To enhance clarity and conciseness, the GDPR guidelines recommend the use of active voice instead of passive voice in writing [5][2]. The active voice directs the reader’s attention to the performer of the action, reducing ambiguity and making the text more straightforward.
Additionally, policies become less comprehensible due to ambiguity, which occurs when a statement lacks clarity and can be interpreted in multiple ways. The use of imprecise language in a privacy policy hinders the clear communication of the website’s actual data practices. The presence of language qualifiers like “may”, “might”, “some”, and “often” contributes to ambiguity, as noted by the European Commission’s GDPR guidelines [5][2]. Recent research suggests an increasing use of terms such as “may include” and “may collect” in privacy policies, which may result in policies becoming more ambiguous over time [7][3].

2. Automated Privacy Policy Analysis

2.1. Privacy Policy Datasets

Various privacy policy datasets have been made accessible to researchers (see Table 1), with the Usable Privacy Policy Project [19][4] playing a significant role in this regard. Their OPP-115 corpus [20][5] contains annotated segments from 115 website privacy policies, enabling advanced machine learning research and automated analysis. Another dataset from the same project is the OptOutChoice-2020 corpus [21][6], which includes privacy policy sentences with labeled opt-out choices types. PolicyIE [22][7] offers a more recent dataset with annotated data practices, including intent classification and slot filling, based on 31 web and mobile app privacy policies. Nokhbeh Zaeem and Barber [23][8] created a corpus of over 100,000 privacy policies, categorized into 15 website categories, utilizing the DMOZ directory. PrivaSeer [12][9] is a privacy policy dataset and search engine containing approximately 1.4 million website privacy policies.

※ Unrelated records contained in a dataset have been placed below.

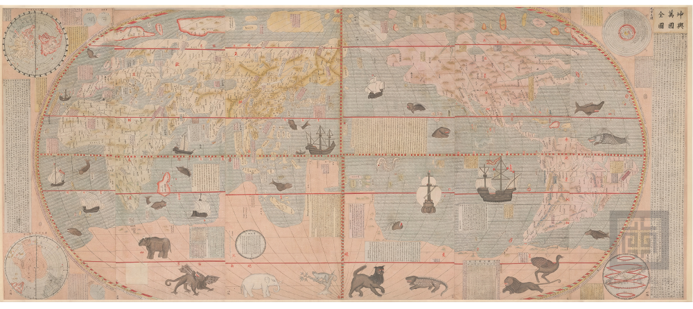 16明万历三十年(1602)意大利传教士利玛窦绘制《坤舆万国全图》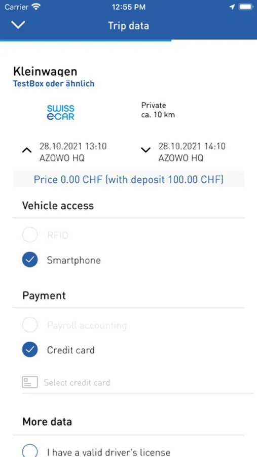 Das Carsharing bietet alle Vorteile eines Autos, ohne eines zu besitzen. Nutzen Sie die Swiss E-Car App, um ein Fahrzeug in Ihrer Nähe zu finden. Nach der Registrierung stehen Ihnen zahlreiche Elektrofahrzeuge rund um die Uhr zur Nutzung zur Verfügung. In unseren Tarifen sind Service, Reinigung und Kosten für die Versicherung inklusive. An den Ladestationen von Swiss E-Car werden die Elektrofahrzeuge mit nachhaltig produziertem Naturstrom aufgeladen.
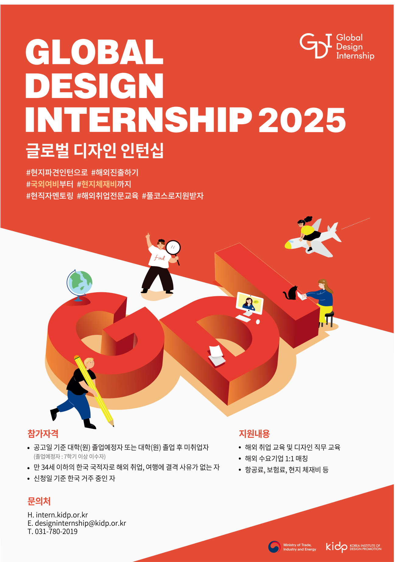 [한국디자인진흥원] 2025년 해외인턴 지원사업 인턴 디자이너 모집 (해외기업 근무)

It was built using web crawls from 2019 and 2020, utilizing URLs from “Common Crawl” and the “Free Company Dataset”. Finally, Amos et al. [7][3] released the Princeton-Leuven Longitudinal Corpus of Privacy Policies, a large-scale longitudinal corpus spanning two decades, consisting of one million privacy policy snapshots from around 130,000 websites, enabling the study of trends and changes over time.
Table 1.
Publicly available privacy policy datasets.
Dataset # Policies # Websites Timeframe Labeling
OPP-115 115 115 2015 Yes
OptOutChoice-2020 236 236 - Yes
PolicyIE 400 400 (websites + apps) 2019 Yes
DMOZ-based Corpus 117,502 - 2020 No
PrivaSeer 1,005,380 995,475 2019 No
Princeton-Leuven Corpus 910,546 108,499 1997–2019 No

2.2. Classification and Information Extraction

Classification and information extraction from privacy policies have been widely explored using machine learning techniques. Kaur et al. [11][10] employed unsupervised methods such as Latent Dirichlet Allocation (LDA) and term frequency to analyze keywords and content in 2000 privacy policies. Supervised learning approaches have also been utilized, including classifiers trained on the OPP-115 dataset. Audich et al. [24][11] compared the performance of supervised and unsupervised algorithms to label policy segments, while Kumar et al. [25][12] trained privacy-specific word embeddings for improved results. Deep learning models like CNN, BERT, and XLNET have further enhanced their classification performance [26,27,28][13][14][15]. Bui et al. [29][16] tackled the extraction of personal data objects and actions using a BLSTM model with contextual word embeddings. Alabduljabbar et al. [30,31][17][18] proposed a pipeline called TLDR for the automatic categorization and highlighting of policy segments, enhancing user comprehension. Extracting opt-out choices from privacy policies has also been studied [21,32,33][6][19][20]. In the field of summarization, Keymanesh et al. [34][21] introduced a domain-guided approach for privacy policy summarization, focusing on labeling privacy topics and extracting the riskiest content. Several studies have worked on developing automated privacy policy question-answering assistants [35,36,37][22][23][24]. Furthermore, the PrivacyGLUE [38][25] benchmark was proposed to address the lack of comprehensive benchmarks specifically designed for privacy policies. The benchmark includes the performance evaluations of transformer language models and emphasizes the importance of in-domain pre-training for privacy policies.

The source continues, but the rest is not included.